See Opening Sentences, and its link to "Grandiose Titles," also Roidhun.

Here is another title in similar vein:

"...His Supremacy, Viceregent of the Spirit of Man of the Stars, Supreme Autocrat, Legitimate Governor, Beloved of the Legislative Council, of the Clerett Dynasty the First."
-The Forge, CHAPTER ELEVEN, p. 190.

We notice a church-state unity: the Autocrat also represents the Spirit. Historically, the Japanese Emperor is the highest authority in Shinto. The Queen of England is the Supreme Governor of the Church of England. The Pope and the Dalai Lama are heads of states.

The Roidhun of Merseia is also boosted as "his Supremacy." See here.

I prefer a milieu in which we address each other as "brother/sister" or "Comrade" and mean it but deeds can contradict words.

(Recent posts have visited some very strange places.)

9 comments:

Sean M. Brooks said...

Kaor, Paul!

Short of the second coming of Christ we are not going to see that "brother/sister" thing. And forget "comrade," not after the bloody record of the Communists has discredited that word. Also, we should keep in mind the common human longing for titles and honorifics. And I don't think that's necessarily all bad, as I discussed in my article "Andersonian Themes and Tropes," quoting from both Anderson and Stirling. I think a certain degree of ceremoniousness for heads of state or other high officers is called for.
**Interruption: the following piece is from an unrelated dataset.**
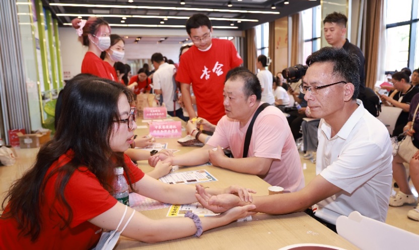 在位于大学生创新创业实践园的家长休息区,校领导与新生家长亲切交流。曹锡康感谢家长对学校的信任,并希望能够通过家校协同培育高质量的中医药人才。

Would you really call her Majesty, Elizabeth II, Queen of the United Kingdom of Great Britain and Northern Ireland, "Lizzy"? I read that the correct mode of address in informal situations is "Ma'am."

I do wonder if Drake/Stirling took their use of "Supremacy" for the Governors of the Civil Government from Anderson's Roidhun of Merseia.

Glory to the Emperor! Sean

paulshackley2017@gmail.com said...

Glory to the Emperor!

(I don't think the Nazis have discredited the ancient symbol of the Swastika although it is now wrong to use their precise version of that symbol in anything but a dramatic presentation. I got the fright of my life when, in a trade union center, I saw a man in a black shirt with a swastika arm-band standing to attention outside a room. Then someone said, "Drama group!")

Sean M. Brooks said...

Kaor, Paul!

Maybe, strictly speaking, the swastika symbol should not be considered discredited. I know it's a very ancient symbol meaning things like good luck, good fortune, etc. But, the Nazis have become so strongly associated with the swastika that it's difficult to separate it from them. As the case you cited demonstrates.

Sean

paulshackley2017@gmail.com said...

Sean,
But the symbol still appears in temples where it does no harm.
Paul.

Sean M. Brooks said...

Kaor, Paul!

Granted, of course. I assume you meant Hindu temples.

Sean

paulshackley2017@gmail.com said...

Sean,
And Buddhist and Jain, I think.
Paul.

Sean M. Brooks said...

Kaor, Paul!

And all of them in India, where not so MANY people are all that familiar with the Nazis, and hence less likely to feel uncomfortable about using the swastika.

Sean

paulshackley2017@gmail.com said...

To me, the Hammer and Sickle still means Workers and Peasants, not dictatorship, despite later aberrations. Much evil is done under good symbols.

Sean M. Brooks said...

Kaor, Paul!

I am sorry, but I absolutely disagree. That (obscenity deleted) means ONLY cruelty and tyranny masked with a uniquely revolting hypocrisy. Lenin, who may have cooked up that Hammer and Sickle emblem, never cared a DARN for those "workers and peasants."